Сорока принесла весть. Но что делать с этой вестью - не сказала. Да и всегда ли нам нужна информация, от которой идет кругом голова и случается учащенное сердцебиение. Почему именно мне, стремящейся жить без потрясений, и выпадают подобные метки?

                *  *  *

                Похоже, разбирательство с мышью будет не из легких. И вообще, мышь, о которой собственно идет речь, необычна и не терпит никаких вольностей.

                Она - тотем, то есть та, что связана с тайнами рода. Она поселяется в тебе незвано, ломает иерархию талисманов и амулетов, обостряет ситуацию для того, чтобы донести тебе нечто сокровенное от предков. Иногда это нечто ужасно и губительно, иногда как самурайская сталь несет избавление тебе или от тебя.
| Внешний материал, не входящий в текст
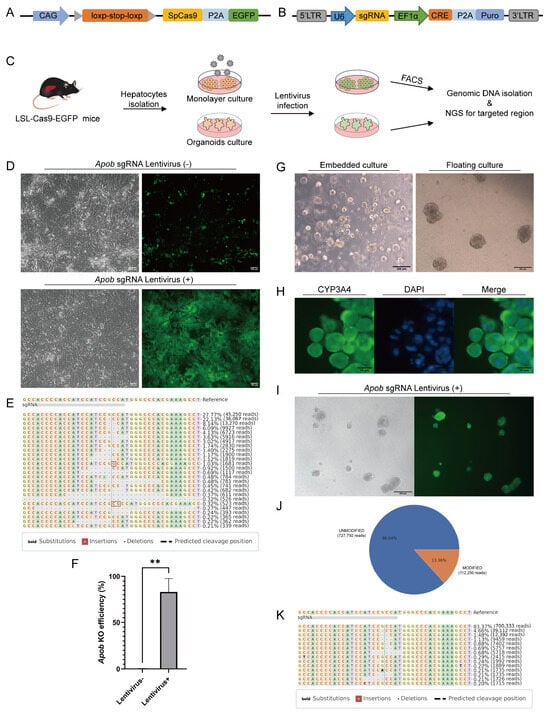 Lentiviral delivery strategy achieved genome editing of primary mouse hepatocytes cultured in both monolayer and organoid formats. (A) Schematic of LSL-Cas9-EGFP cassette knocked into the mouse Rosa26 locus. (B) Schematic of Cre-sgRNA lentiviral vector. (C) Schematic describing experimental workflow used to quantify single gene knockout efficiency via lentivirus. (D) EGFP expression in LSL-Cas9-EGFP hepatocytes transduced with CRE and sgRNA co-expressing lentivirus in monolayer cultures. (E) Distribution of indels and deletions around targeting site for the Apob sgRNA in monolayer cultures. (F) Apob knockout efficiency. N = 3, ** p < 0.01. (G) Organoids of primary mouse hepatocytes. Left: embedded cultured in Matrigel, right: floating cultured in 5% (vol/vol) Matrigel. Scale bar: 200 μm. (H) CYP3A4 immunofluorescence of mouse hepatocytes organoids. Scale bar: 50 μm. (I) EGFP expression of LSL-Cas9-EGFP hepatocytes transduced with CRE and sgRNA co-expressing lentivirus in organoid cultures. (J) NGS results showing Apob knockout efficiency in hepatocytes organoids. (K) Distribution of inserts and deletions around targeting site for the Apob sgRNA in organoid cultures.
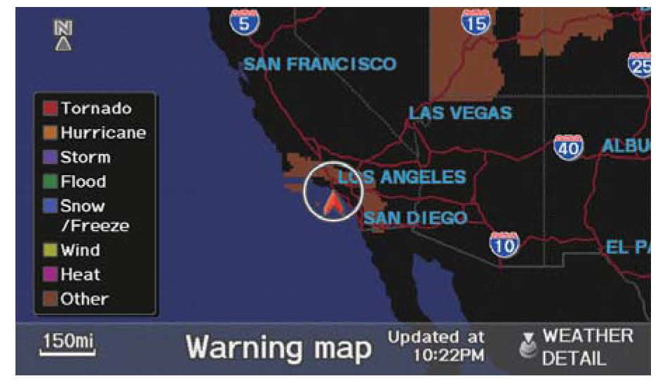 XM Radio now offers XM weather and radar that shows current local weather as weather icons on the map screen. These are different from weather related traffic incident icons. The weather icons are:
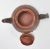 A Chinese Yixing teapot having bamboo style handles and spout, the body having raised applied floral decoration glazed in yellow and dark brown. Stamped with character mark to the base.
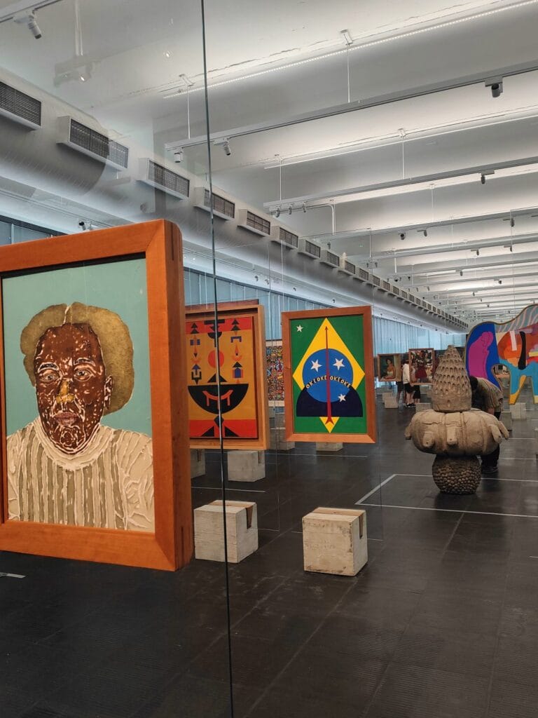 Tuttavia, la furia progressista di San Paolo continuava a esprimersi, palesandosi ancora una volta nelle architetture della città, nella stratificazione di genti, stili, tendenze. San Paolo non è solo la città dell’elitismo, del fashion, del fine dining, del glamour, dell’Ibirapuera di Oscar Nyemer, di Aryton Senna, di Lula da Silva che qui fondò il Partito do Trabalhadores, di cui è tutt’ora alla guida. Per cogliere l’energia di San Paolo bisogna passeggiare per l’Avenida Paulista la domenica mattina, quando il Corso si fa tutto pedonale e affollato da flash mob, mercatini delle pulci, corsi di spinning, venditori di noci di cocco, di fronte a un confusionario e stimolante affiancamento di stili in cui spicca il MASP, il museo d’arte classica e contemporanea più importante del Sudamerica. “Il tempo lineare è un’invenzione dell’Occidente: il tempo non è lineare, è un meraviglioso accavallarsi per cui, in qualsiasi istante, è possibile selezionare punti e inventare soluzioni, senza inizio né fine”.Parole di Lina Bo Bardi, comunista italiana formatasi nello studio milanese di Gio Ponti, divenendo poi  architetto del MASP. Lo completò nel 1968 con l’intento di imporre una sorpresa orizzontale al continuum verticale dei grattacieli, al fine di creare un “vano libero”, una pausa, un silenzio di un luogo di cultura dove arte, uomini e museo fossero sullo stesso piano. Lo fondò con Pietro Bardi, critico d’arte e gallerista vicino al regime fascista, il quale lasciò la penisola in seguito alla caduta del duce e sposò poi Lina. Con l’attrice Nydia Licia, ebrea triestina fuggita in Brasile dalle leggi razziali, e Assis Chateubriand, magnate della comunicazone brasiliana, si dedicarono alla vita del Masp per il resto della loro vita nelle Americhe. Dalla finestra del Masp continuo a respirare l’energia della città, che ritrovo solo nelle opere colorate, destrutturate, fallaci della meravigliosa arte figurativa brasiliana, spesso ispirata ai colori e agli abitanti della foresta amazzonica. Viene data grande rilevanza all’arte femminile, così come in strada assisto a un corteo femminista e lgbt+, in linea con la retorica anti-machista e gender friendly che ho trovato anche a Rio. Vorrei saprerne di più, se questa è davvero una tematica brutalmente sentita a livello bipartisan, o se è una sorta di revanche nei confronti di quel Bolsonaro che se l’è squagliata in Florida alla sconfitta delle ultime elezioni.
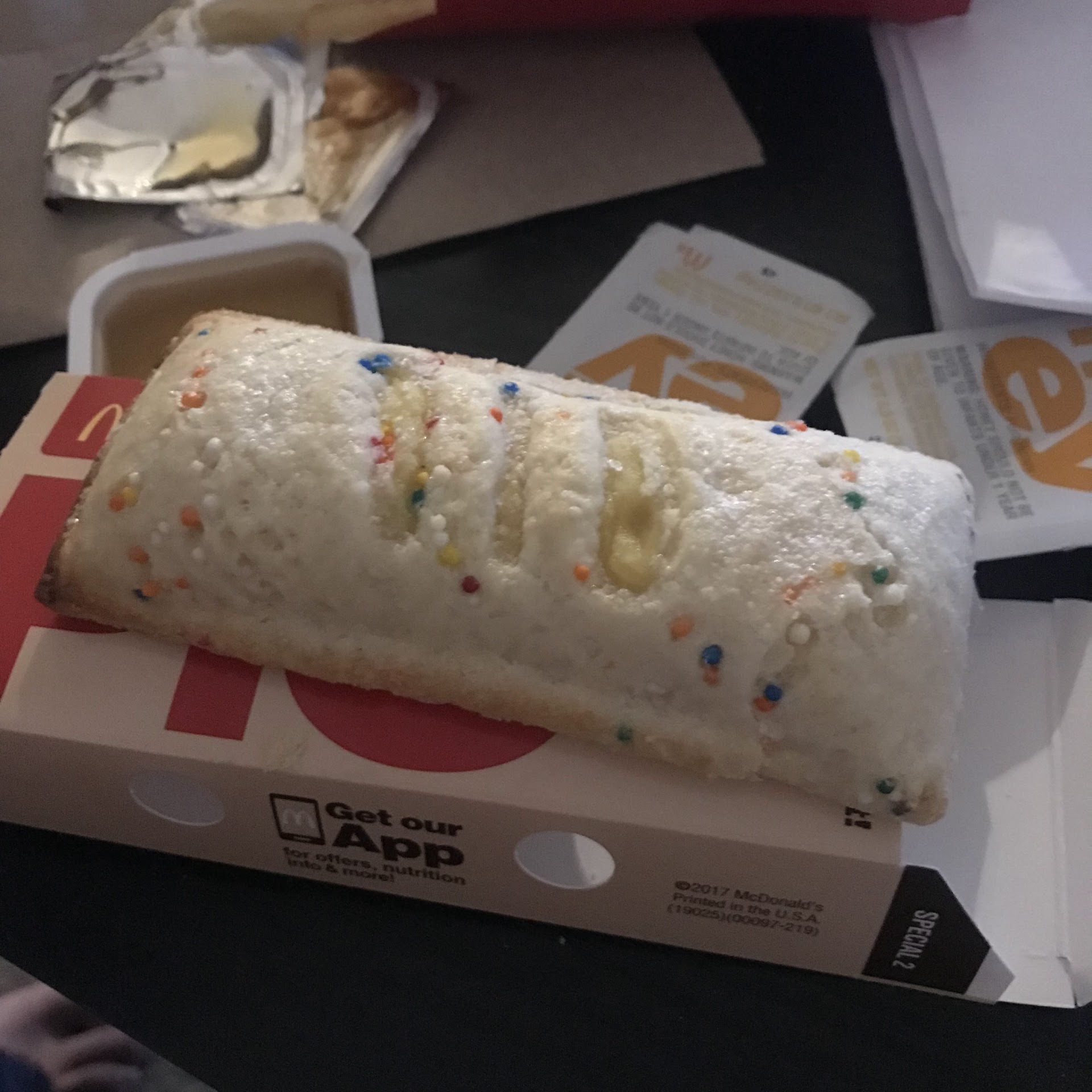 I am not one to usually get McDonald’s because I want to, but more because it’s quick, cheep, and open late, and today I was tired after work and just wanted to get something to put in my stomach and then go to bed. I decided to get it a little through my long drive home, so this McDonald’s was the closest, and I have never been to this one before. At about 10:30p today, I pull up, give my usual order, and when I pull up to pay, the guy asks for a few more seconds before taking my payment, to which I get a little concerned that something is wrong, but I wait and then pay and pull up. Then, one of the guys at the second window informs me that the food will just be a bit and asks me to pull up to wait, which I do. At this point, I am very concerned there is some sort of problem or that my food will take a long time (but I would wait anyway, as I have no better option), but only a minute later, the food was brought out (and it took me a little bit to notice the worker standing awkwardly outside of my car, and I apologize for this!).

Но всегда это явление, как стихийное бедствие, связано с катаклизмами, страшными потерями и отречениями.

                Мифический предок, он чаще всего является в образе какого-либо животного или растения. Но кем бы он не предстал - он перевернет твой мир, заставит погрузиться во мрак, чтобы ценою собственного благополучия ты остро прочувствовал, что определяет этот образ. Хотя сам «от-отем» по преданиям североамериканских индейцев оджибве - всегда проекция темных лабиринтов бессознательного.

                Вот из этих-то лабиринтов мышь отчаянно и не хотела появляться. Робкие призывы встретиться лицом (или мордой) к лицу в действительности натыкались на молчаливую черствость хлебных крошек. Липких, задохшихся в лабиринте старого арбатского дома, где батареи с царскими гербами булькали и давились теплом.

                Там, в неразберихе затянутых паутиной, давно не тревоженных ходов, таилось нечто, пришедшее из безвременья и холодно взирающее на суету моих будней.

                Б-р-р, все так некстати, так неприятненько и противненько, что даже холодная вода, которой я пытаюсь промыть глаза, не дает нужной четкости и резкости. Мир плывет, теряя реальные привычные очертания, и только липкая пленка страха стягивает тело коконом беспомощности.

                *  *  *

                - Зови, - настойчиво свистит чайник.
Зови, - срывается со стены оффорт Шишкина и ульи, изображенные там, начинают натужно гудеть.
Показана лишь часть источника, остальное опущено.